Requirement. Please set out each line below exactly as it stands, without the images.

Input data.

┌──

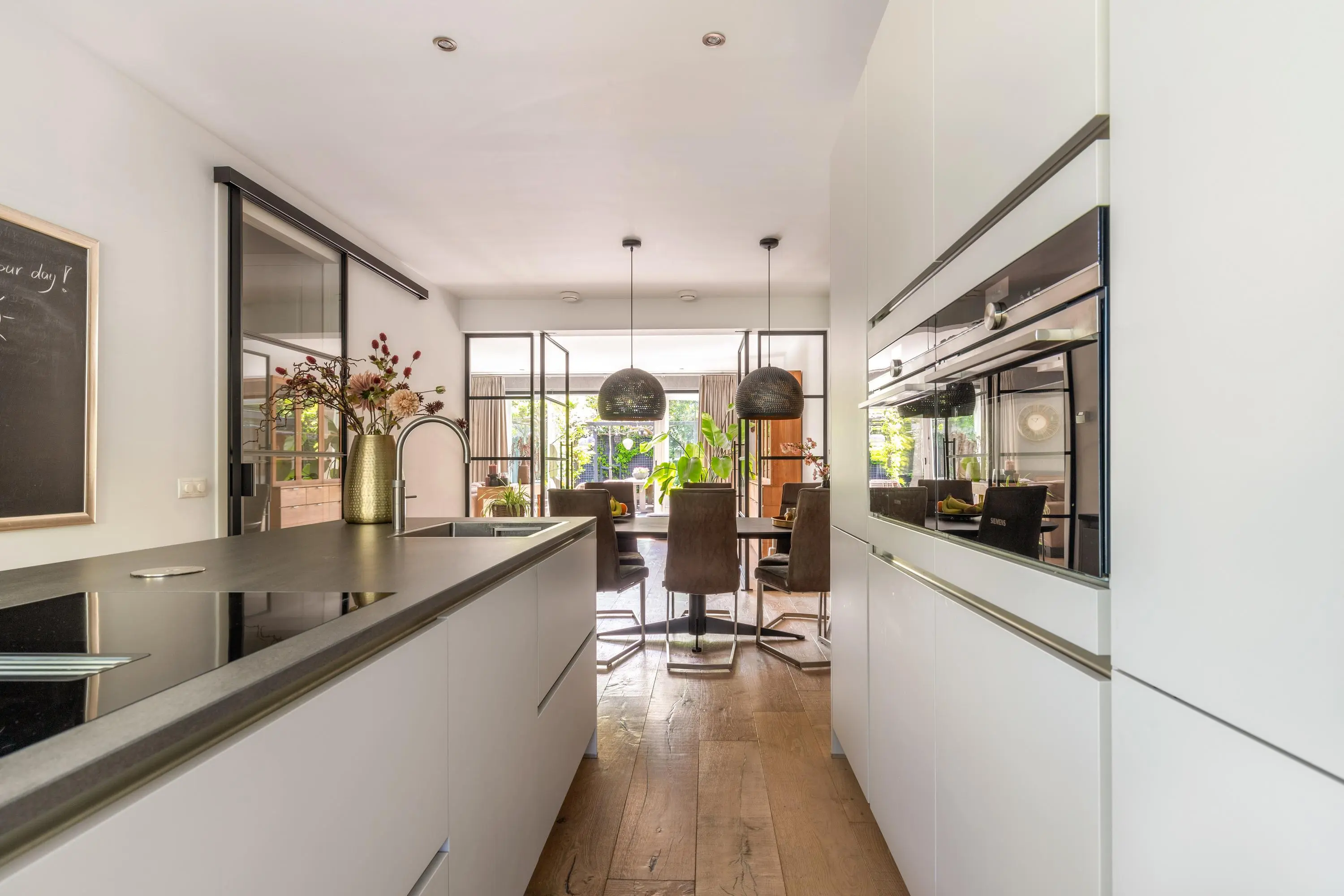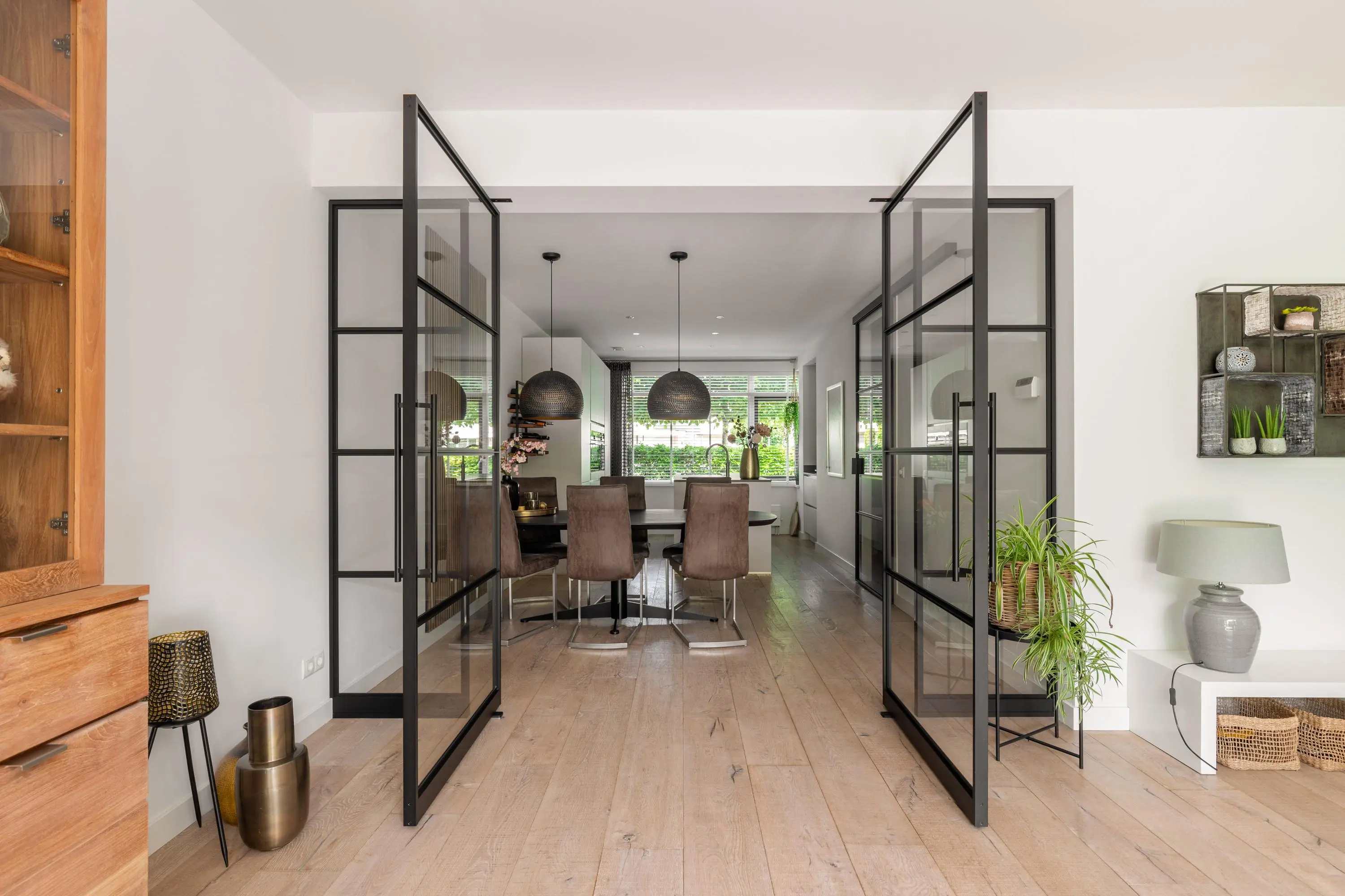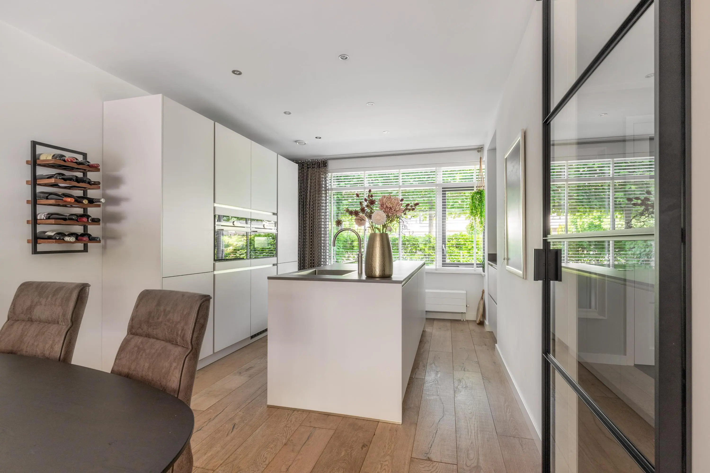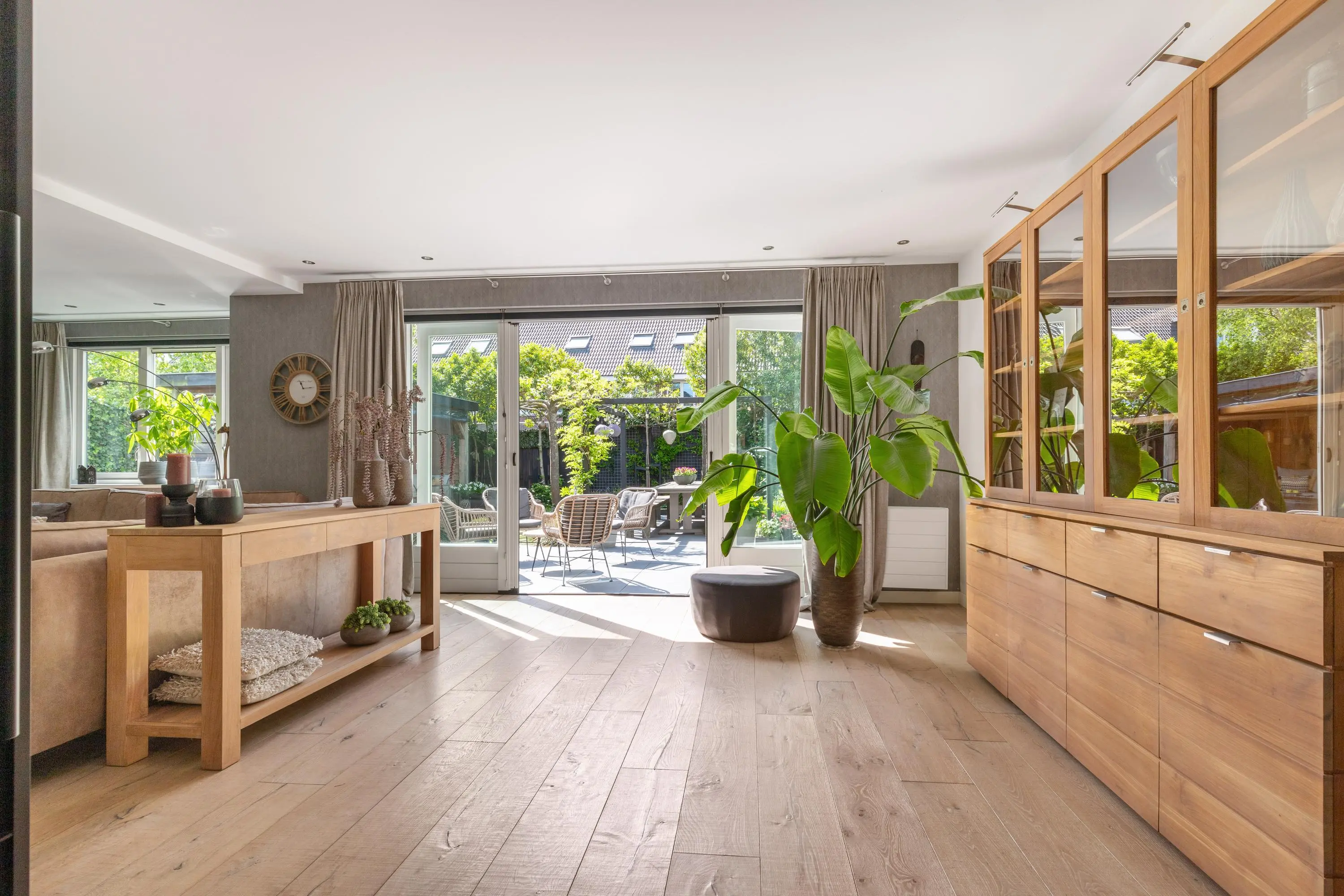 De stijlvolle glazen deuren verbinden de keuken met de tuingerichte woonkamer. Dankzij de grote raampartijen en openslaande deuren naar de tuin is de woonkamer heerlijk licht. De gashaard zorgt voor extra sfeer en warmte.
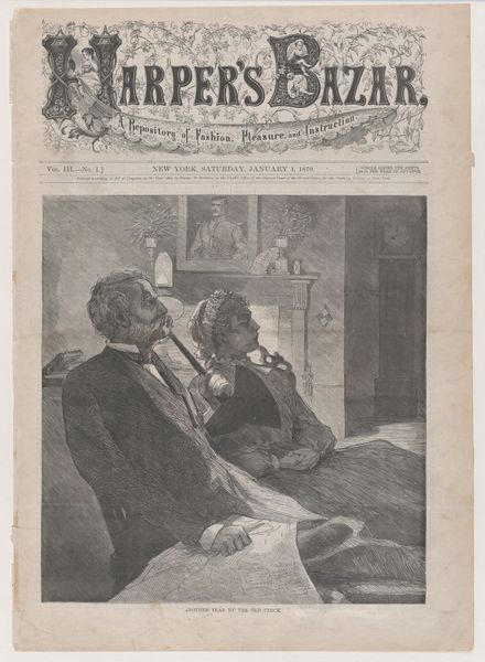 Curator: Jean-Louis Forain’s 1898 graphite and pen drawing, "Caricature of Edmond de Rothschild returning from dinner", captures a moment thick with societal tension. What strikes you first about it? Editor: The claustrophobia of the scene, immediately. The man in the heavy coat looming over the figure in bed, the heavy drapes, the tight composition—it all feels airless, weighted down. Curator: The 'airless' feeling resonates when you consider the historical context. It appeared in "Psst...!", an anti-Dreyfusard satirical magazine. Rothschild, a prominent Jewish banker, is depicted after presumably attending a dinner. His companion’s line roughly translates to "Charming! No one dared to mention the Dreyfus Affair". Editor: That explains the bedridden figure’s expression – it reads to me as somewhere between relief and lingering anxiety. The averted gaze, the almost defensive posture, suggests someone who's had to swallow unpleasantness. This captures the weight of unspoken, charged conversation. Curator: Precisely. Forain uses caricature not just for humor, but as a vehicle for social critique. The Rothschild figure, burdened by wealth represented by the cane and hat, is contrasted with the other's vulnerability to embody the awkward tension surrounding Dreyfus. Forain taps into cultural anxieties regarding power, anti-Semitism and social pressure. Editor: Symbolically, the bed itself—a place of rest, vulnerability—becomes a site of forced silence, highlighting how deeply the Dreyfus Affair had permeated every aspect of life, even intimate spaces. The room almost reads as a confessional with unspoken secrets. Even the publication’s name is meaningful. "Psst…!" sounds like it carries secrets, conspiratorial tones. Curator: The 'Psst...!' title amplifies this undercurrent. In his work we see commentary on performative politeness against genuine belief. This specific cartoon became incredibly effective because it was less of an accusation but an observant eye. It highlights silence as violence or, perhaps worse, implicit endorsement. Editor: It really speaks to the lasting power of visual shorthand – how a few lines can evoke such a potent sense of unease and cultural turmoil. Curator: Agreed, seeing it with these nuances provides quite a lens for reconsidering our contemporary political discourse too.
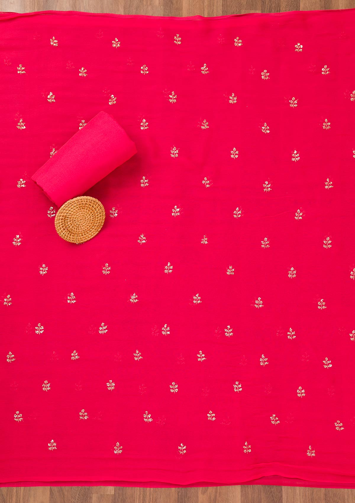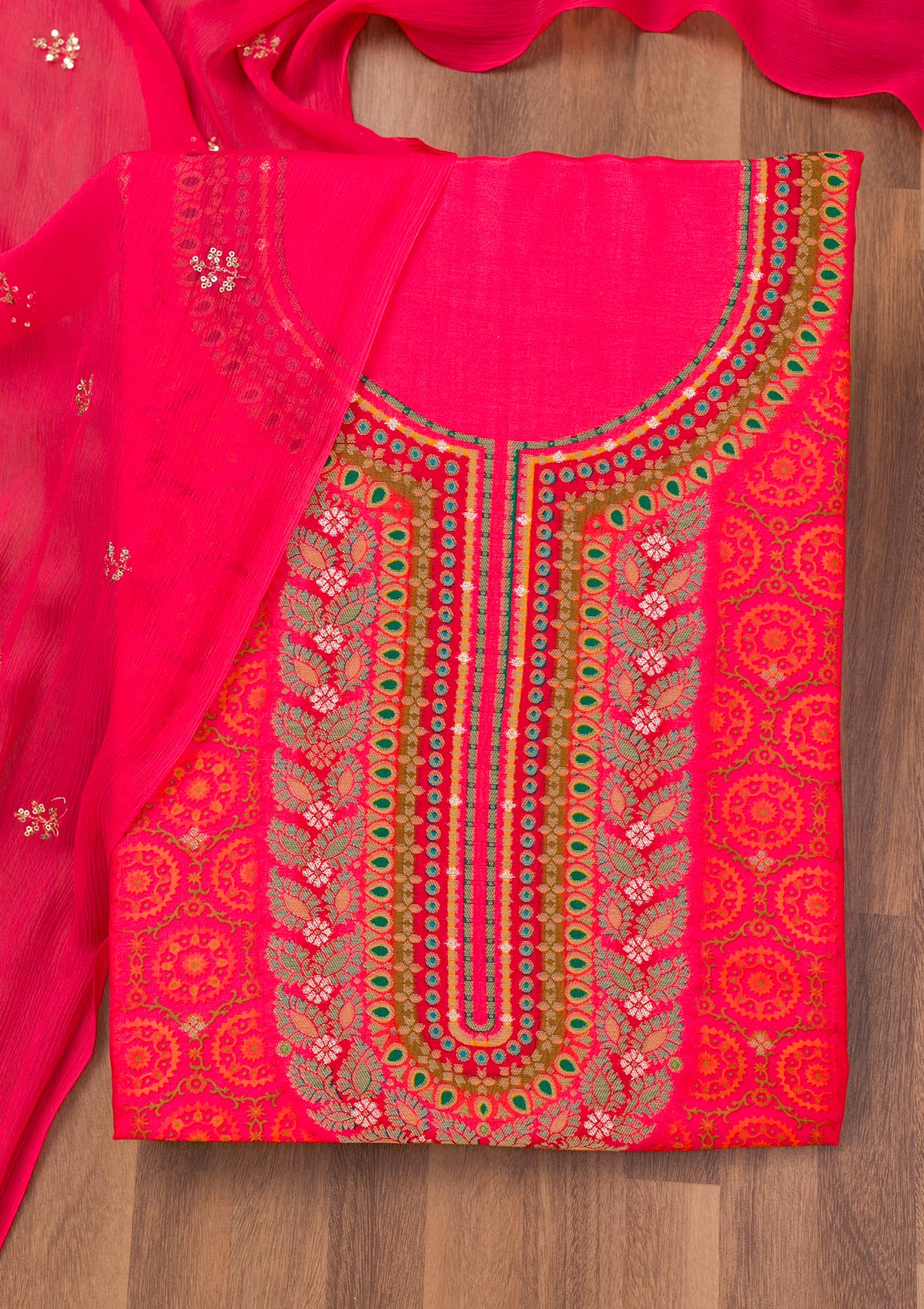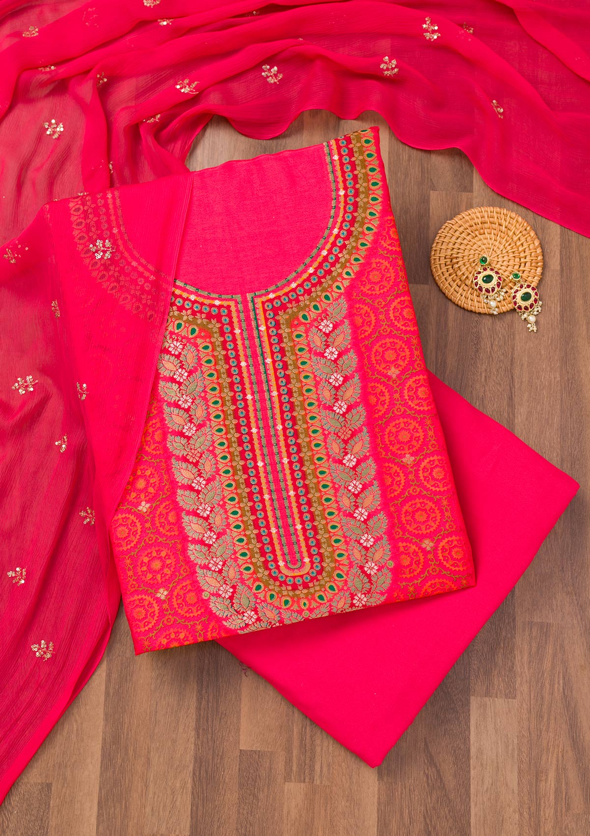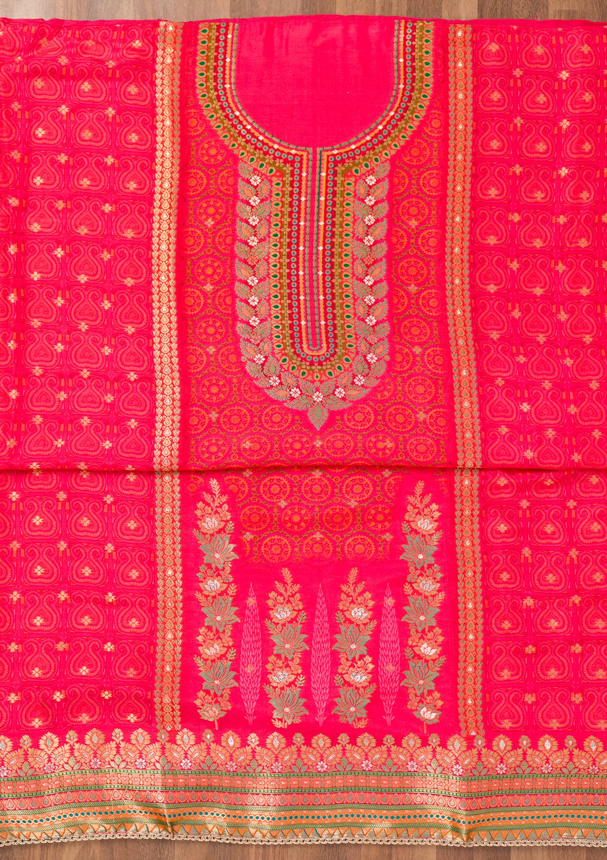 Rani Pink Zariwork Semi Crepe Unstitched Salwar Suit

└──

Answer for this exercise.
 De stijlvolle glazen deuren verbinden de keuken met de tuingerichte woonkamer. Dankzij de grote raampartijen en openslaande deuren naar de tuin is de woonkamer heerlijk licht. De gashaard zorgt voor extra sfeer en warmte.
 Curator: Jean-Louis Forain’s 1898 graphite and pen drawing, "Caricature of Edmond de Rothschild returning from dinner", captures a moment thick with societal tension. What strikes you first about it? Editor: The claustrophobia of the scene, immediately. The man in the heavy coat looming over the figure in bed, the heavy drapes, the tight composition—it all feels airless, weighted down. Curator: The 'airless' feeling resonates when you consider the historical context. It appeared in "Psst...!", an anti-Dreyfusard satirical magazine. Rothschild, a prominent Jewish banker, is depicted after presumably attending a dinner. His companion’s line roughly translates to "Charming! No one dared to mention the Dreyfus Affair". Editor: That explains the bedridden figure’s expression – it reads to me as somewhere between relief and lingering anxiety. The averted gaze, the almost defensive posture, suggests someone who's had to swallow unpleasantness. This captures the weight of unspoken, charged conversation. Curator: Precisely. Forain uses caricature not just for humor, but as a vehicle for social critique. The Rothschild figure, burdened by wealth represented by the cane and hat, is contrasted with the other's vulnerability to embody the awkward tension surrounding Dreyfus. Forain taps into cultural anxieties regarding power, anti-Semitism and social pressure. Editor: Symbolically, the bed itself—a place of rest, vulnerability—becomes a site of forced silence, highlighting how deeply the Dreyfus Affair had permeated every aspect of life, even intimate spaces. The room almost reads as a confessional with unspoken secrets. Even the publication’s name is meaningful. "Psst…!" sounds like it carries secrets, conspiratorial tones. Curator: The 'Psst...!' title amplifies this undercurrent. In his work we see commentary on performative politeness against genuine belief. This specific cartoon became incredibly effective because it was less of an accusation but an observant eye. It highlights silence as violence or, perhaps worse, implicit endorsement. Editor: It really speaks to the lasting power of visual shorthand – how a few lines can evoke such a potent sense of unease and cultural turmoil. Curator: Agreed, seeing it with these nuances provides quite a lens for reconsidering our contemporary political discourse too.
 Rani Pink Zariwork Semi Crepe Unstitched Salwar Suit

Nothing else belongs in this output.